Getting Started with NOVA
Zaoqu Liu
2026-01-26
Source:vignettes/getting_started.Rmd
getting_started.RmdIntroduction
NOVA (Network Of Versatile cell-cell communication Analysis) is a high-performance R package designed for inferring and visualizing ligand-receptor mediated cell-to-cell communication networks from single-cell and bulk transcriptomic data.
Key Features
- Comprehensive LR Database: Utilizes connectomeDB2020 with 2,293 literature-curated ligand-receptor pairs
- Specificity-weighted Scoring: Identifies biologically relevant communication signals
- Multi-species Support: 21 species via NCBI HomoloGene orthology mapping
- Seurat Integration: Native support for Seurat V4 and V5 objects
- High Performance: Vectorized operations with C++ acceleration
- Rich Visualization: Heatmaps, networks, chord diagrams, and more
Installation
# From R-universe (recommended)
install.packages("NOVA", repos = "https://zaoqu-liu.r-universe.dev")
# From GitHub
remotes::install_github("Zaoqu-Liu/NOVA")Quick Start
Simulating Example Data
For demonstration, we’ll create simulated single-cell expression data:
set.seed(42)
# Create expression matrix (genes x cells)
n_genes <- 500
n_cells <- 300
gene_names <- paste0("Gene", 1:n_genes)
cell_names <- paste0("Cell", 1:n_cells)
# Simulate sparse expression
expr <- matrix(0, nrow = n_genes, ncol = n_cells,
dimnames = list(gene_names, cell_names))
# Add expression for ~30% of entries
expressed <- sample(length(expr), size = length(expr) * 0.3)

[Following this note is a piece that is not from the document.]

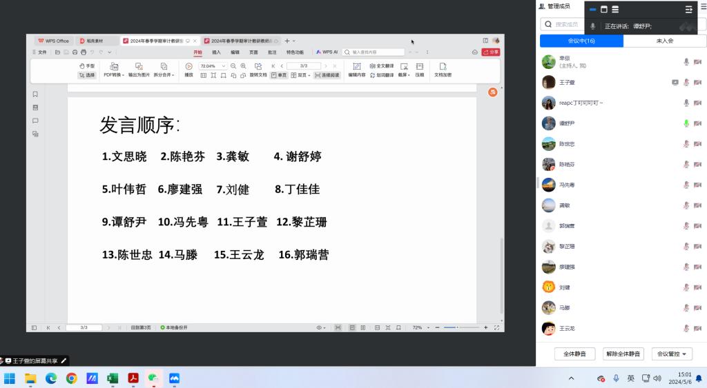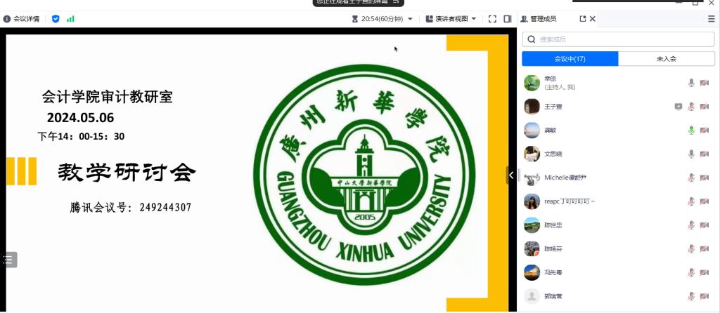 2024年5月6日,永利yl23411审计教研室为加强审计学科建设,迎接本科教学合格评估工作,推进教学教研工作向更好更强方向发展,通过腾讯会议召开了期中教学研讨会。

expr[expressed] <- abs(rnorm(length(expressed), mean = 2, sd = 1))
# Convert to sparse matrix for efficiency
expr <- Matrix::Matrix(expr, sparse = TRUE)

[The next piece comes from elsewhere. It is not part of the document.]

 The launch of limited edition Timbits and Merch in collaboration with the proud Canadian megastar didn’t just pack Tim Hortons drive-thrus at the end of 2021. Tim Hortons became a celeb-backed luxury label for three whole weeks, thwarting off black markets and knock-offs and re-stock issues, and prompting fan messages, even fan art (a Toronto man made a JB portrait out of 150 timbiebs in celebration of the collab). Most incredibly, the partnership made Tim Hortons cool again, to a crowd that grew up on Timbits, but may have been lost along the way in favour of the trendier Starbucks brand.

# Create cluster annotation
clusters <- sample(c("T_cells", "B_cells", "Macrophages", "Fibroblasts"),
n_cells, replace = TRUE)
names(clusters) <- cell_names
annotation <- data.frame(cell = cell_names, cluster = clusters)Loading LR Database
# Load the curated ligand-receptor database
lr_db <- GetLRDatabase("lrc2p")
head(lr_db)
#> ligand receptor
#> <char> <char>
#> 1: A2M LRP1
#> 2: AANAT MTNR1A
#> 3: AANAT MTNR1B
#> 4: ACE BDKRB2
#> 5: ADAM10 EPHA3
#> 6: ADAM11 ITGA4
cat("Total LR pairs:", nrow(lr_db), "\n")
#> Total LR pairs: 2293Running NOVA Analysis
# Note: In real analysis, use actual gene symbols that match the LR database
# Here we simulate matching genes for demonstration
ligands <- unique(lr_db$ligand)[1:20]
receptors <- unique(lr_db$receptor)[1:20]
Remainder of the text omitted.